• _PROBLEM DETAILS_: Every line of the listing below from the one with "Sayori hooked a" up to and including the one with "Liquidation of VEB" should be retyped exactly, and nothing else; pictures are not part of the copy.

• _INPUT_:
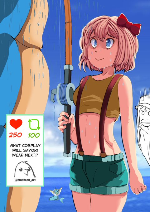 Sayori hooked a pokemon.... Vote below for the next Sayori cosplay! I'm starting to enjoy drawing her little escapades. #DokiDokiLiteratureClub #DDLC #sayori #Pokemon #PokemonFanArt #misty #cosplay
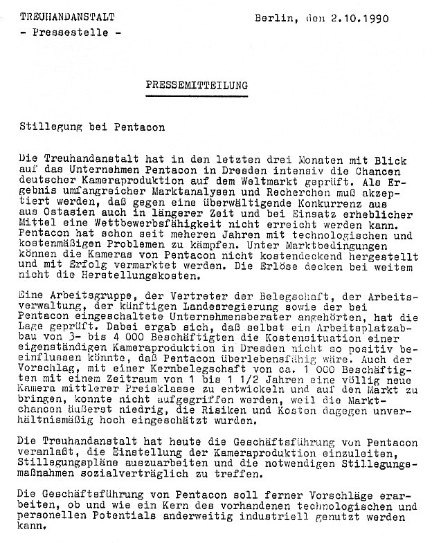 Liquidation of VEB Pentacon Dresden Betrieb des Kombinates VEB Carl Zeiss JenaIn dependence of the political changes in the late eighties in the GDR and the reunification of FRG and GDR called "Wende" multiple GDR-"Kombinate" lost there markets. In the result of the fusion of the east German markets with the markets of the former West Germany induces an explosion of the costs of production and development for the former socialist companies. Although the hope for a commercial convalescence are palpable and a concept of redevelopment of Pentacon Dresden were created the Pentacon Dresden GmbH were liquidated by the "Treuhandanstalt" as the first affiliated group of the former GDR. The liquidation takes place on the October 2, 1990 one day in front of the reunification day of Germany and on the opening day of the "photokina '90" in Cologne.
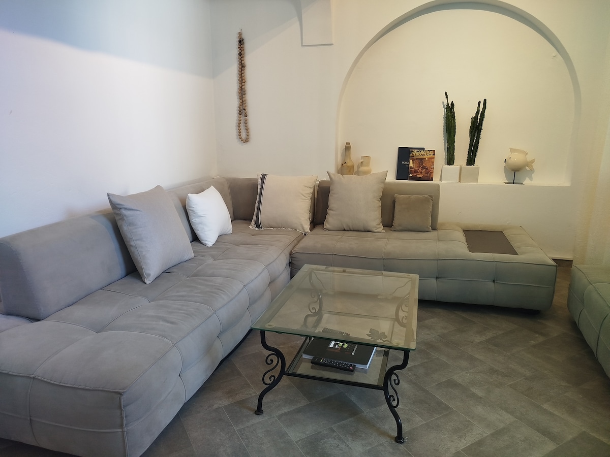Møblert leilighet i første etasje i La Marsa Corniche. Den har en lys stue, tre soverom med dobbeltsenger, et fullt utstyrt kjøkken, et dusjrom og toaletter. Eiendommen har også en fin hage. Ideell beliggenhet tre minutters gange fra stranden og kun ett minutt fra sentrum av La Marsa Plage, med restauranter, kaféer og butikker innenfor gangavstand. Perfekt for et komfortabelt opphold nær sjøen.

--

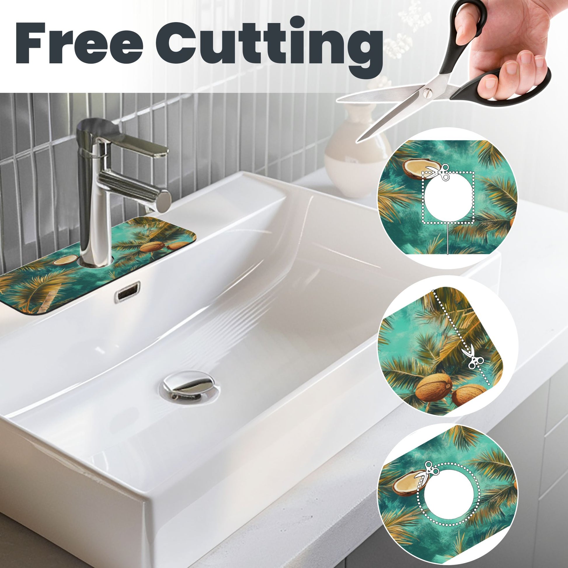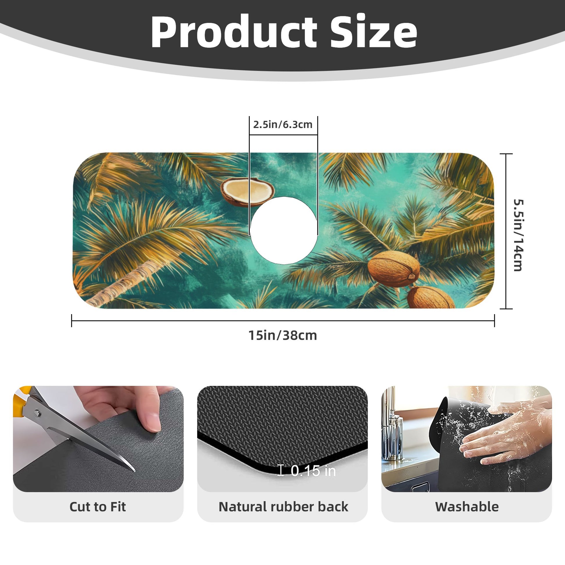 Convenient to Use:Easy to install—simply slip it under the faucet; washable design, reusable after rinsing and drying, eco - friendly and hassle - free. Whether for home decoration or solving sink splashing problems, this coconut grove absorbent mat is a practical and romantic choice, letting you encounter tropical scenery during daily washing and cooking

• _SOLUTION BELOW_:
 Sayori hooked a pokemon.... Vote below for the next Sayori cosplay! I'm starting to enjoy drawing her little escapades. #DokiDokiLiteratureClub #DDLC #sayori #Pokemon #PokemonFanArt #misty #cosplay
 Liquidation of VEB Pentacon Dresden Betrieb des Kombinates VEB Carl Zeiss JenaIn dependence of the political changes in the late eighties in the GDR and the reunification of FRG and GDR called "Wende" multiple GDR-"Kombinate" lost there markets. In the result of the fusion of the east German markets with the markets of the former West Germany induces an explosion of the costs of production and development for the former socialist companies. Although the hope for a commercial convalescence are palpable and a concept of redevelopment of Pentacon Dresden were created the Pentacon Dresden GmbH were liquidated by the "Treuhandanstalt" as the first affiliated group of the former GDR. The liquidation takes place on the October 2, 1990 one day in front of the reunification day of Germany and on the opening day of the "photokina '90" in Cologne.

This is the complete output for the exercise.